- Born: February 18, 1957 (age 68) United States
- Education: Franklin & Marshall College
- Occupation: Insurance executive
- Known for: Owns the insurance broker Krauter & Company
- Spouse: Ellie Marvin Krauter (married 2020–present)

= Neil C. Krauter =

Neil Clark Krauter (born 1957) is an American commercial insurance industry executive who is the founder of Krauter & Company.

== Early life and education ==
Krauter was born in 1957. He earned a B.A. in economics from Franklin & Marshall College.

== Career ==
Krauter worked at Lloyd's of London, then Marsh & McLennan, and then at Aon Corporation. During the 9/11 attacks, over one thousand Aon employees worked in the South Tower, but "the vast majority" of employees survived the attack, according to MarketWatch. At age 40, he retired and bought a wine store and spent time with his young family.

In 2004-2005, many commercial insurance firms came under fire from New York State Attorney General Eliot Spitzer, who launched a crusade against the industry for insurance firms' presumed conflict of interest payments to brokers known as contingent commissions. Krauter came out of retirement and launched his own self-financed firm known as Krauter & Company in 2004. The firm added nine offices in 11 years, including an office in Houston, Chicago, and Los Angeles.
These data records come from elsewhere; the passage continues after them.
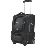 Lightweight internal structure and large hinged opening to main compartment. Two large exterior pockets. Two large zippered mesh packing pockets. Inline skate wheels and recessed, locking telescoping handle. Adjustable tow strap to attach additional bags. Meets FAA carry-on regulations.
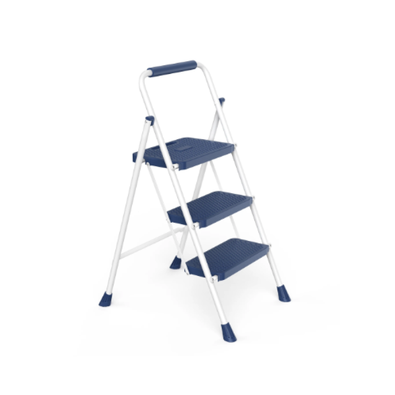 The step stool is made of high-quality steel and can support a weight of 330 pounds. When you use the steps, the metal safety buckle automatically locks in place, and the reinforced cross-support design provides maximum stability during use.
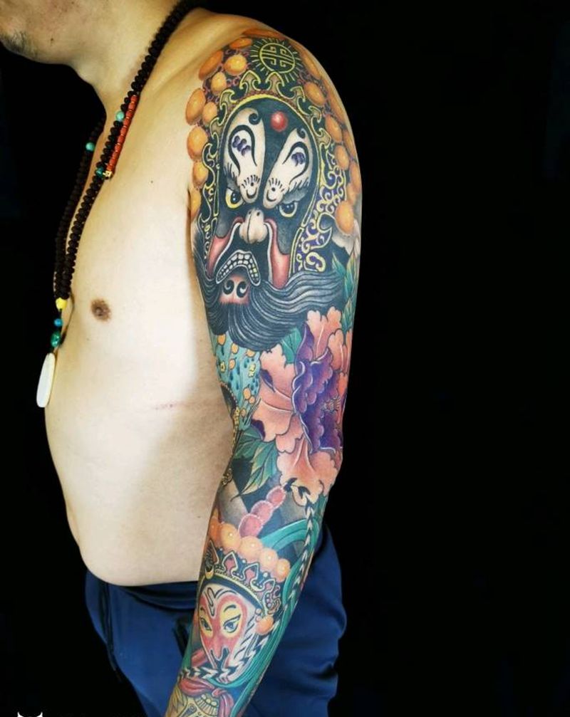 生旦净丑纹身图片_手臂老传统新传统人物霸王花臂纹身图案

The firm handles D&O insurance, which is liability insurance payable to a firm's directors and officers if there's damage from a lawsuit for alleged wrongful acts while being in charge. The firm also does property, safety and loss control insurance, including "coverage for private equity firms" as well as "complex risk programs." By 2010, there were nine offices across the United States. In 2008, when AIG was offering steep discounts to clients, he commented in Insurance News Net that AIG was not "looking to do ridiculously stupid deals" but that cuts on the casualty business offered by AIG were around 10%. In 2009, with the economic downturn and actions by state regulators, he felt clients were "reaching a point of intolerance".

In 2014, Krauter & Company earned a spot as one of Inc. Magazine's 5000 fastest-growing private companies in America. In July 2014, Krauter launched the networking group, Private Equity Principal Group (PEPG) which has currently over 130 members.

In 2019, he sold Krauter and company to Risk Strategies and joined their executive committee.

== Personal life ==
Krauter lives in the community of Port Royal in Naples Florida. Krauter has undertaken several expeditions, including a cross-country ski journey from a Russian ice station to the North Pole, during which he fell through the ice and required frostbite surgery in Norway. He has also completed jet-ski trips from Canada to New York City and from the Bahamas to Key West, as well as an attempted journey from Nantucket to Bermuda. His mountaineering pursuits include ascents of Mount Kilimanjaro and Cho Oyu, and he is qualified to climb Mount Everest. At age 18, he set a goal to retire by 40 and purchase a wine store, a milestone he subsequently achieved. He is recognized for his expertise in private equity insurance.